Big Weekend: Penn State +2, Ohio State -1
Busy weekend for the local juniors attending the Nike Combine up in State College. First, Lackey defensive back Darrell Givens decommitted from Ohio State in order to commit to Penn State. Then Eleanor Roosevelt wide receiver-cornerback Derrick Thomas committed to play for the Nittany Lions.
First, a look at Thomas, who is 6-1 and 180 pounds. He also had scholarship offers from Maryland, Illinois and Pittsburgh.
"He went up there and he liked it," Roosevelt first-year coach Tom Green said. "I don't like kids playing the recruiting game. If you've been on campus everywhere [you are considering] and you know where you want to go, tell them, don't string them along. I know [Maryland offensive coordinator James] Franklin thought he had a good shot at him. I did too."
As for Givens, it was only three weeks ago that he decided to accept a scholarship offer from Ohio State. However, it did not take long for Givens to consider other options. Lackey Coach Doug Lamb said that Givens contacted Penn State's coaches around the first of the month to say he was interested and they made a trip to the Southern Maryland school last week.
"I could go into Penn State and make an impact as a freshman, earlier than I would be able to at Ohio State," Givens said. "After I committed I started looking deeper and deeper into the situation I was putting myself into. Me playing as a freshman was very important."
Lamb said he wished Givens had taken more time before changing his mind, worrying about the player "burning bridges" by making a decision and changing it so soon, particularly to a conference rival. Givens, though, said, "I didn't want to decommit and put myself back on the market and have all these other schools coming at me and distracting me from my academics and qualifying."

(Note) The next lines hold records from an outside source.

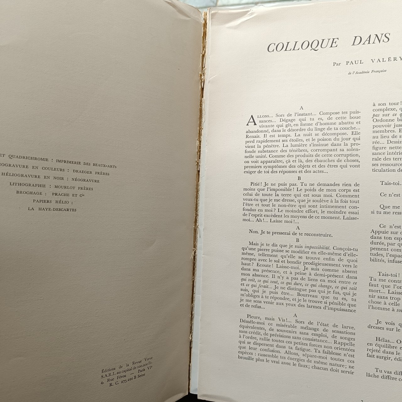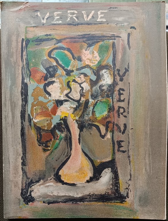 Contributions littéraires par Paul Valéry, Pierre Reverdy, Rainer Maria Rilke, Henri Michaux, Jules Supervielle, Georges Bataille, Jean-Paul Sartre, Ambroise Vollard, Georges Rouault et Roger Caillois. Lithographie (reproductions en couleurs): Tacuinum Sanitatis, livre de santèdu XIV siecle. "La Dance"sur double page, par Henri Matisse; "Le Jardin d'Hallah" sept lithographies par André Derain, tirées par Mourlot. Nombreuses reproductions en héliogravure, souvent à pleine page, de photographies par Brassaï, Barna, Maywald, Devaux-Maywald, Erwé, Bille Brandt, et al. Couverture composée par Georges Rouault. Cm 36x27. pp. 134. . Buono (Good). Cerniera anteriore rotta. Mancano le pagine da 9 a 16 e da 19 a 24 (Broken front hinge. Pages 9 to 16 and 19 to 24 missing). . .
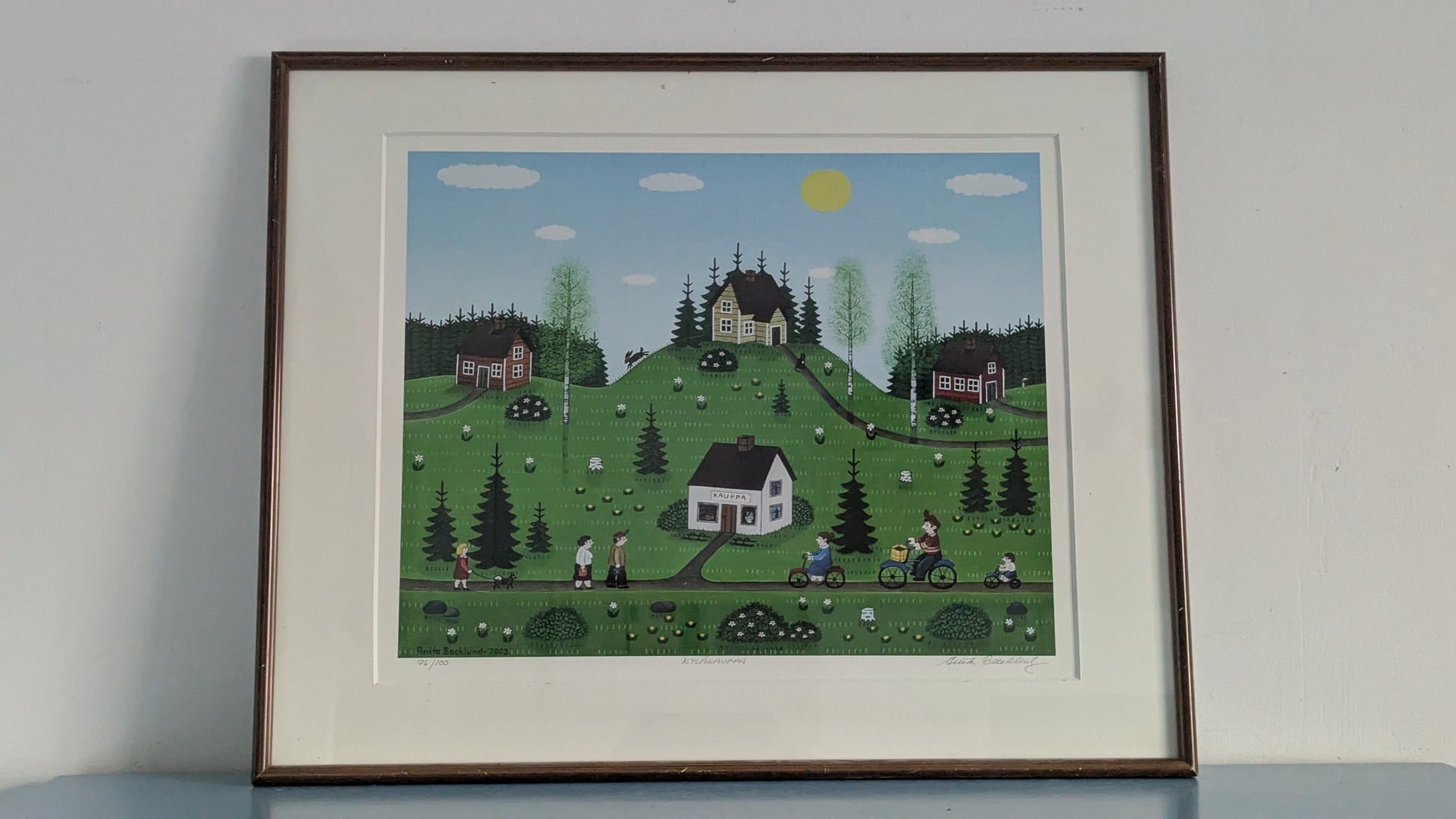Anita Backlund signeeraama Kyläkauppa niminen grafiikka vuodelta 2009.
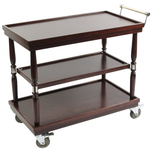 Serve your guests in style with this Bon Chef 50040 37 1/2" x 19 1/2" x 31" Classic mahogany guerridon trolley. Boasting a hardwood construction with a mahogany finish, this trolley adds sophistication to any event. Thanks to the 3 wooden shelves, you can transport desserts, entrees, or beverages right to your guests. This trolley is also great for tableside demonstrations to impress your guests with the finishing touches on their carefully prepared meals. A stainless steel and brass handle provides a comfortable grip as you push this trolley. Plus, the 4 casters allow for easy mobility. Ideal for use in hotels, casinos, or fine dining restaurants, this trolley is the perfect addition to your establishment!
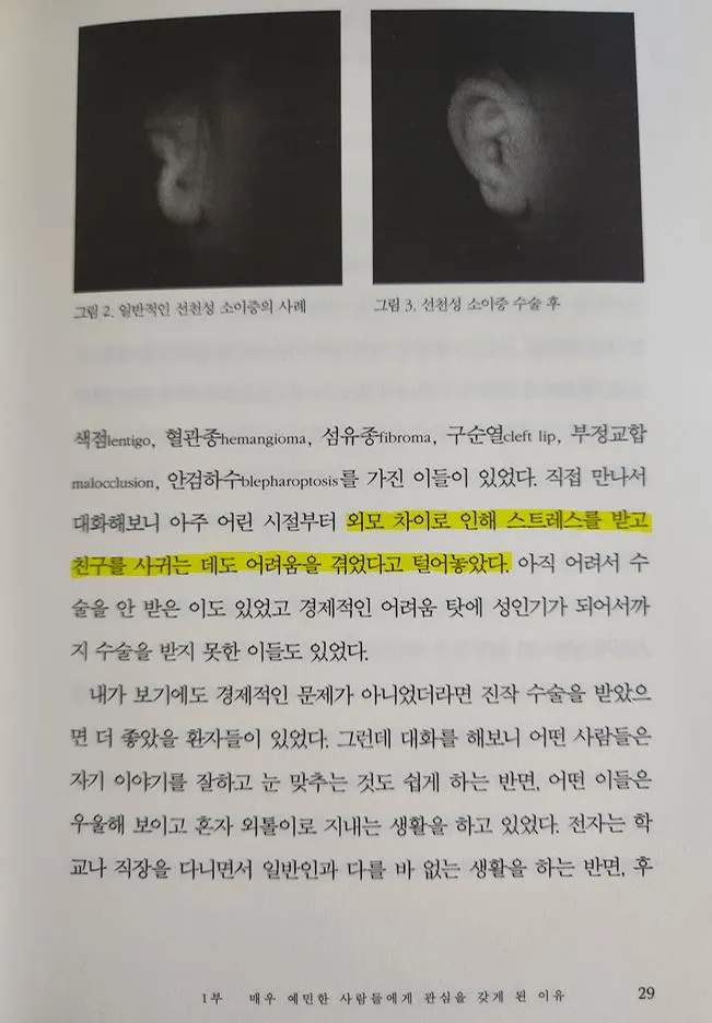 책을 읽으며, 저에게 특히 인상 깊었던 부분은 28p의 '안면 기형과 어린 시절의 트라우마' 챕터였습니다. 저는 얼굴에 혈관종(화염상모반)이 있어, 우울증과 대인기피증을 겪었던 터라, 이 챕터의 내용은 저에게 큰 위로가 되었습니다. 선천적인 안면 기형이 있는 사람들은 다른 사람들에 비해 스트레스를 많이 받고 친구를 사귀는 데 어려움을 겪는 경우가 많다고 합니다. 또한 기형을 가리고 살아갈 경우 기형이 드러나지 않을까 하는 걱정 때문에 예민하고 날카로운 성격, 우울증, 트라우마 등 만성적이고 부정적인 자아상을 가지게 되는 경우가 많다고 합니다.
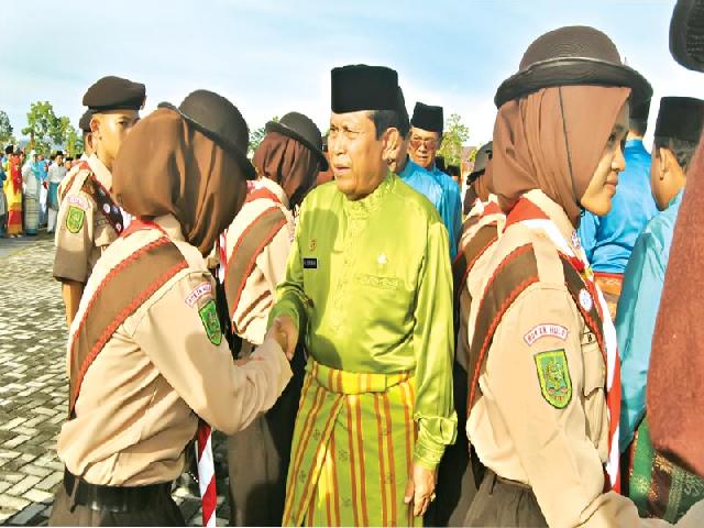 PASIR PENGARAIAN (riaumandiri.co) - Plt Bupati Rokan Hulu (Rohul) H. Sukiman, Senin (8/8) melepas 38 Kontingen Pramuka Rokan Hulu, guna mengikuti Jambore Nasional ke X di Bumi Perkemahan, Cibubur, Jakarta. Plt Bupati Berpesan Kepada seluruh Kontingen agar dapat mengharumkan nama RokanHulu, Serta mempromosikan wisata Rohul ke daerah lain.
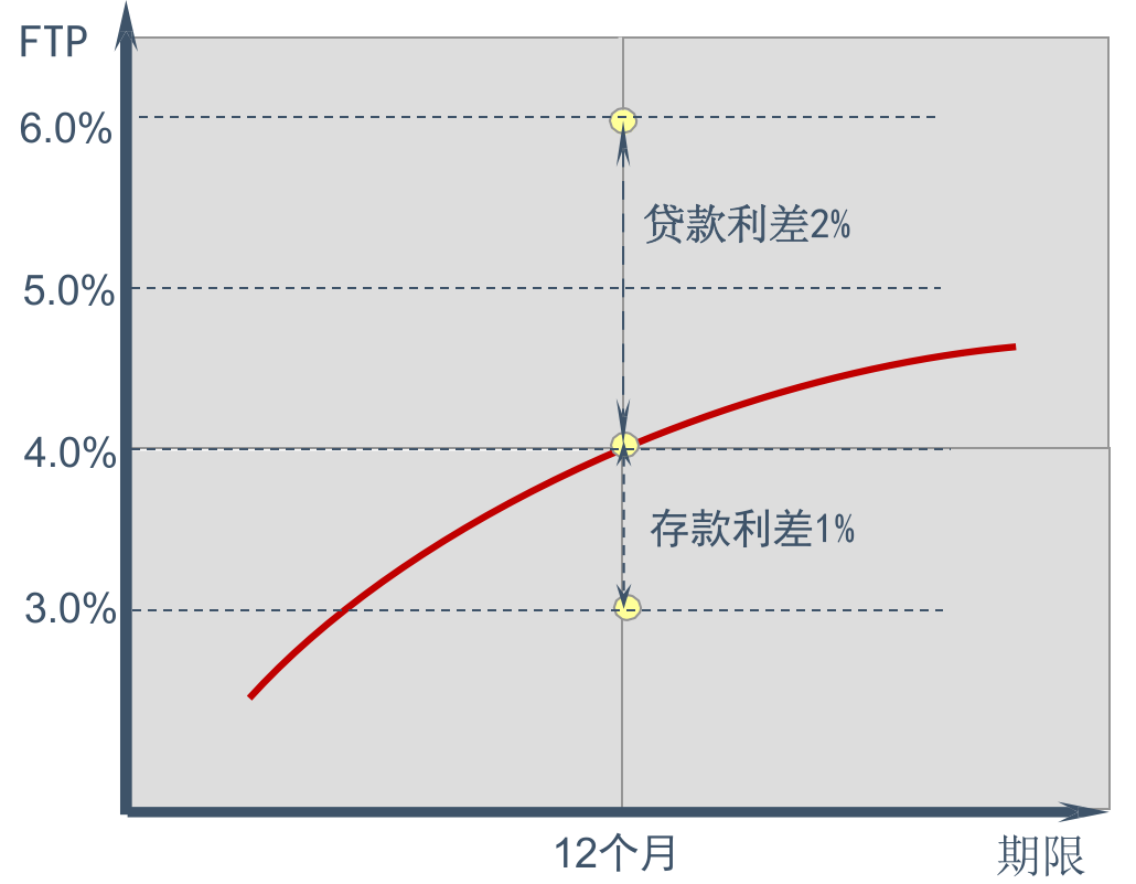 业务发生当天,系统会根据当天的 FTP 收益率曲线匹配一个相应期限的 FTP 价格,这个价格在业务存续期保持不变,FTP 利差被锁定,支行(业务经营单位)无需承担由于资金市场价格波动所带来的风险。
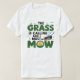 This vibrant and playful image features the phrase "The Grass is Calling and I Must Mow" in bold, colourful letters. The word "GRASS" is prominently displayed in large green letters adorned with flowers and butterflies, while the word "MOW" is decorated with a cheerful sun and blades of grass.
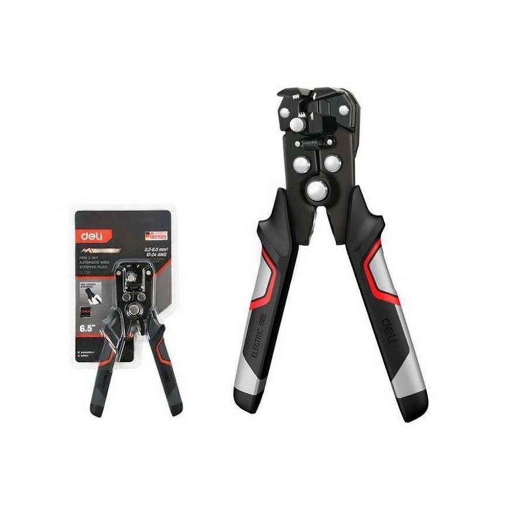 Инструмент обжимной Deli многофункциональный для зачистки проводов (стриппер) 2-в-1 Deli DL2015 165мм, зачистка+резка, сечение кабеля 0,6-6кв.мм, цинковый сплав, лезвие CrMoV, прорезиненные рукоятки
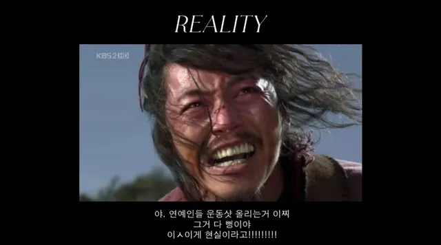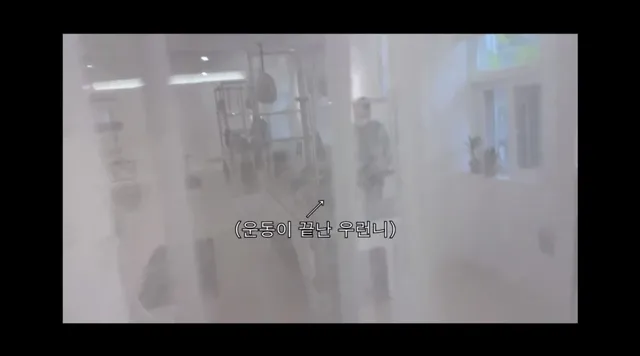 이해리 씨는 뒤로 묶은 머리가 거의 풀어진 채 매트에 쓰러져 있었다. 그는 격앙된 목소리로 “야, 연예인들 운동샷 올리는 거 있지. 그거 다 뻥이야. 이게 현실이라고”라고 소리쳤다.
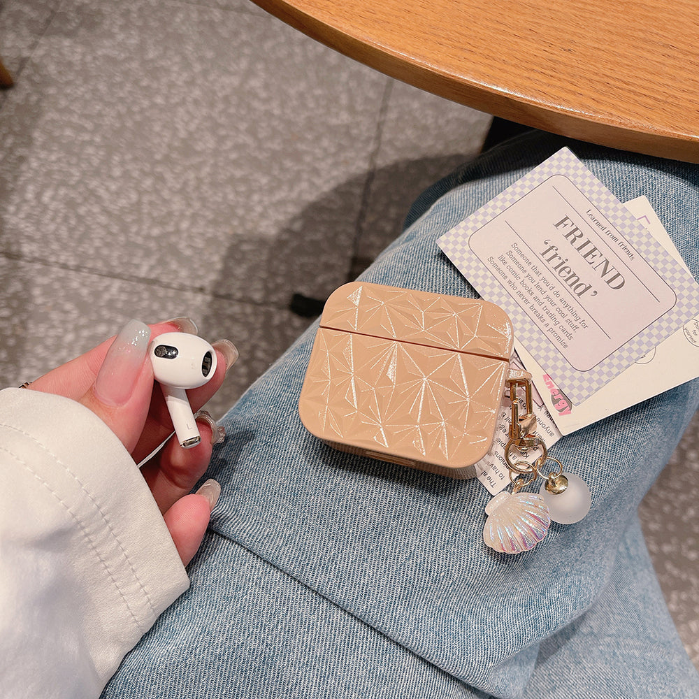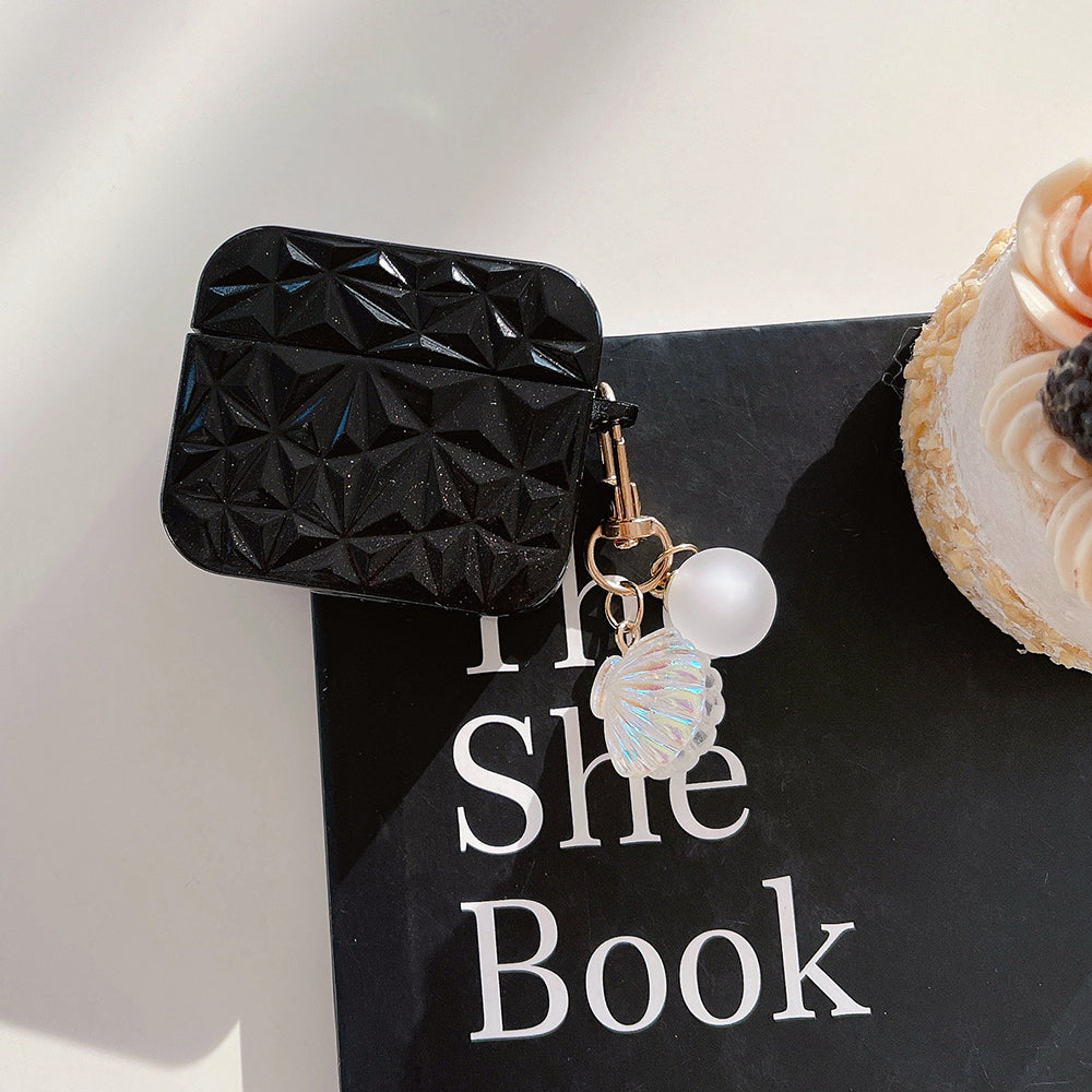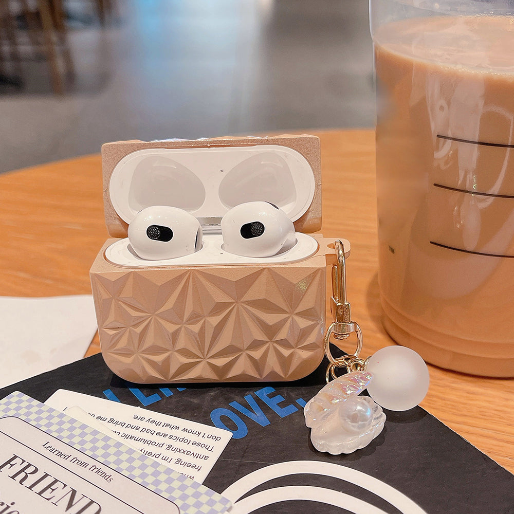 For Apple AirPods 3 Earphone Case Diamond Texture Earbud Protective TPU Cover with Shell Pendant
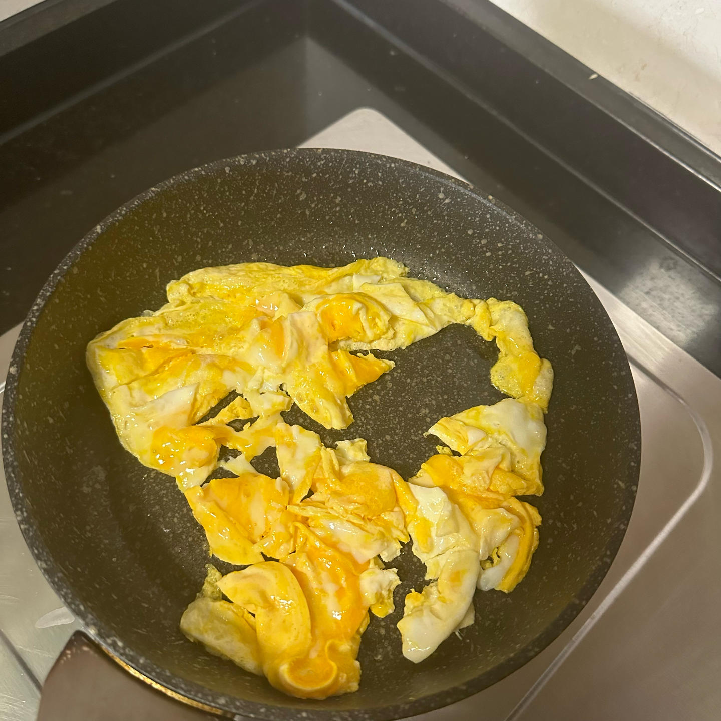 接下来,我们进入炒制环节。先将鸡蛋炒熟,待鸡蛋凝固并膨松之后,将其盛出备用。接下来,取出切好的烤肠片,两面煎至焦黄,呈现出诱人的香脆口感,然后同样盛出备用。在醒目的烤肠香味消散之前,我们再来处理土豆丁。将锅中的油调至小火,缓慢翻炒土豆丁,确保其双面焦黄且完全熟透。炒土豆是需要耐心的环节,慢火细烹才能使其受热均匀,口感更佳。

Givens said he previously had narrowed his choices to Ohio State and Penn State, with Miami (Fla.) a third option. While he said he now is certain of his decision to choose Penn State's scholarship offer, Givens is aware that some people might think he could waffle again. Lamb hopes that doesn't happen, but acknowledged, "This is a 17-year-old kid," Lamb said. "He changed his mind in three weeks. The odds would be in that favor [of changing again]. I would hope he wouldn't, but you never know."